Hereditary methemoglobinemia (met-H) is a human genetic disease that is inherited as an autosomal recessive. The gene is located on chromosome 22. People aflicted with this genetic disorder have skin which is literally purple-blue in color and dark purple lips. The hemoglobin in their blood has a reduced ability to carry oxygen which produces the blue color of their skin. The dominant, normal allele is responsible for the production of an enzyme (protein), called diaphorase that reduces the hemoglobin so it can be reused and pick up more oxygen. The recessive mutant allele produces a dysfunctional enzyme that does not reduce the hemoglobin. Blue people seem to be able to continually breakdown and produce new hemoglobin by biosynthesis and live a relatively normal life.
A man and a woman are considering having a child and come to you for information about the inheritance and expression of the diaphorase gene.
The man's mother is a blue person and the woman is herself a blue person.

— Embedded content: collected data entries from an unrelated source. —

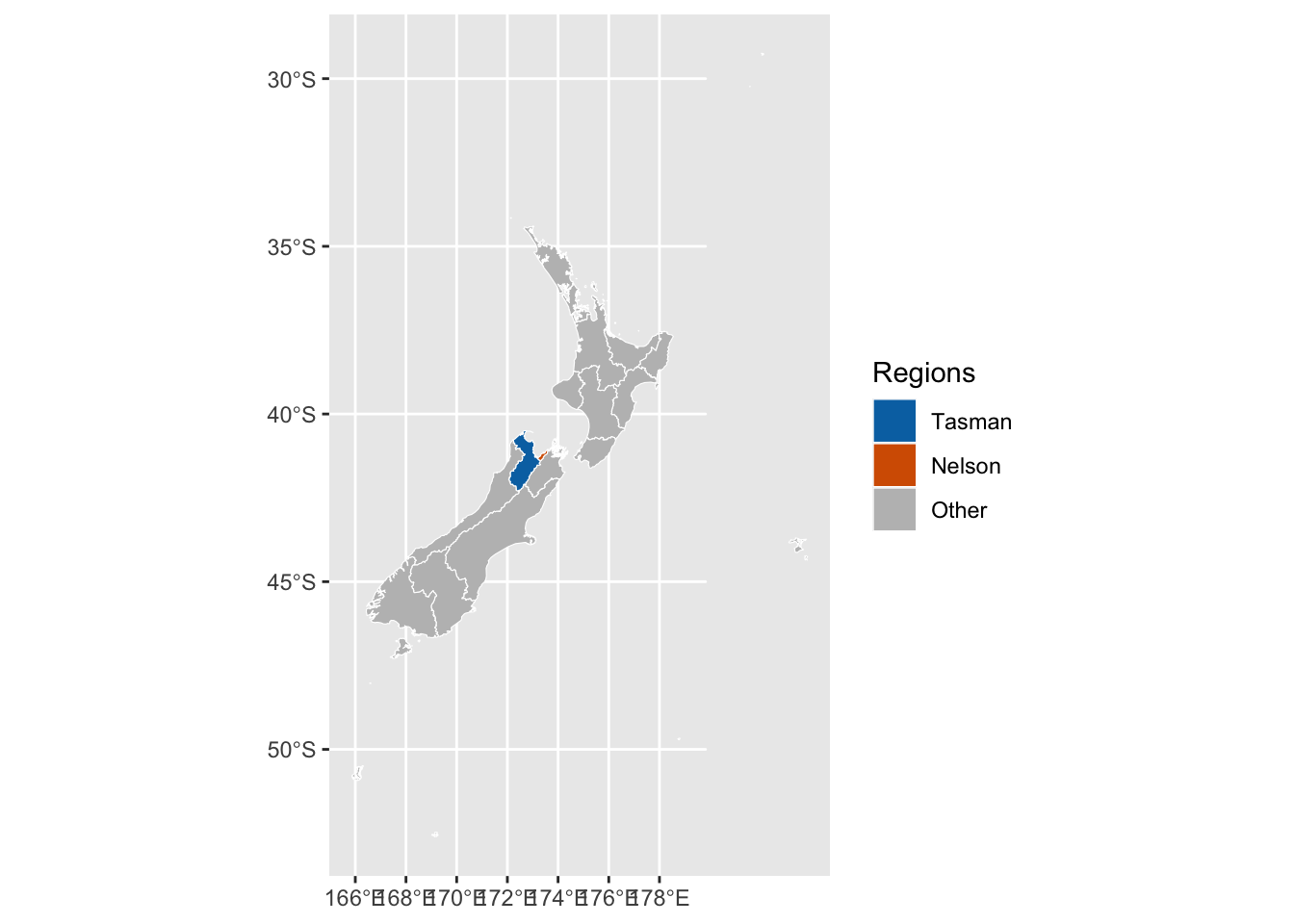 # Areas of each regionnz_areas <- maps_level_1_NZ |>filter(NAME_1 %in%c("Tasman", "Nelson")) |>mutate(area_m2 =st_area(geometry)) |>st_drop_geometry() |>mutate(area_m2 =as.numeric(area_m2)) |>select(region = NAME_1, area_m2)nz_areas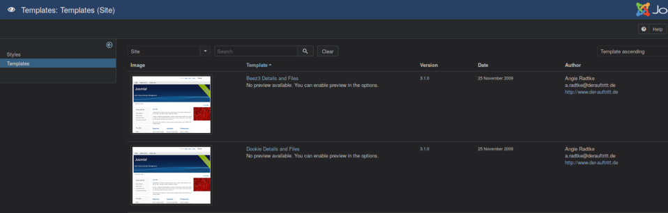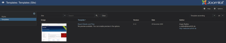 Here we see a template named Beez3: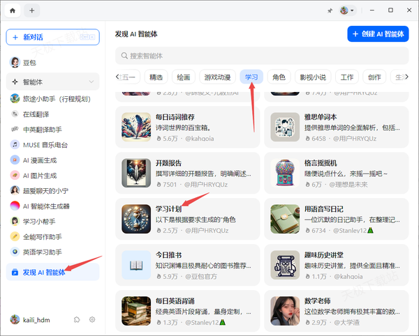 1、还是在豆包的【发现AI智能体】的【学习】板块中,找到【学习计划】功能,点击它。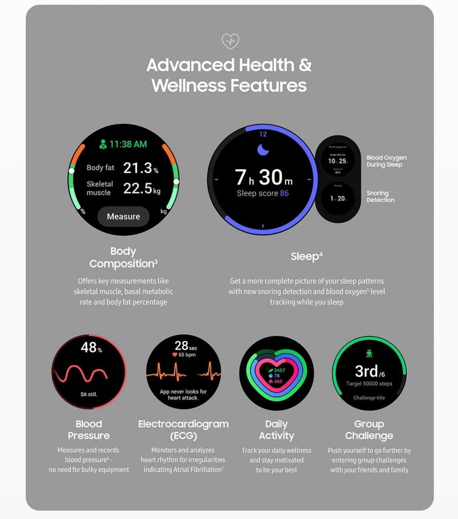 Estos smartwatches incluyen una serie de funciones de bienestar para realizar un seguimiento de las actividades diarias de los usuarios, ayudando a mantenerlo motivado. El usuario puede elegir entre una amplia gama de entrenamientos guiados, disfrutar de los Group Challenges con sus amigos y familiares, o configurar un gimnasio en casa conectando su Galaxy Watch4 a una Samsung Smart TV compatible, donde los recuentos de calorías y las métricas del ritmo cardíaco aparecen en la pantalla para facilitar el seguimiento.

a. To help these people understand the inheritance of this trait construct paper chromosome models to represent of one of the man's cells at the beginning stage of meiosis. Include only the #22 chromosomes and the two sex chromosomes in your models. LABEL the following terms on your chromosomes and/or be able to explain them as you model the formation of sperm cells by meiosis.
|homologous chromosome pair #22||the two sex chromosomes (X and/or Y)|
|the diaphorase gene locus||the dominant alleles (D)|
|the recessive alleles (d)||sister chromatids|
Remember how we did this with chromosome models last week.
c. What percentage of the woman's egg cells that she produces during her lifetime will contain the recessive allele (d) for diaphorase and an X chromosome?
d. If these two people have a child, what is the probability (chance) that they will have a boy who is a carrier for the disorder? Show and explain how you arrived at your answer.
e. Make up another "genetics problem" based on this genetic disorder.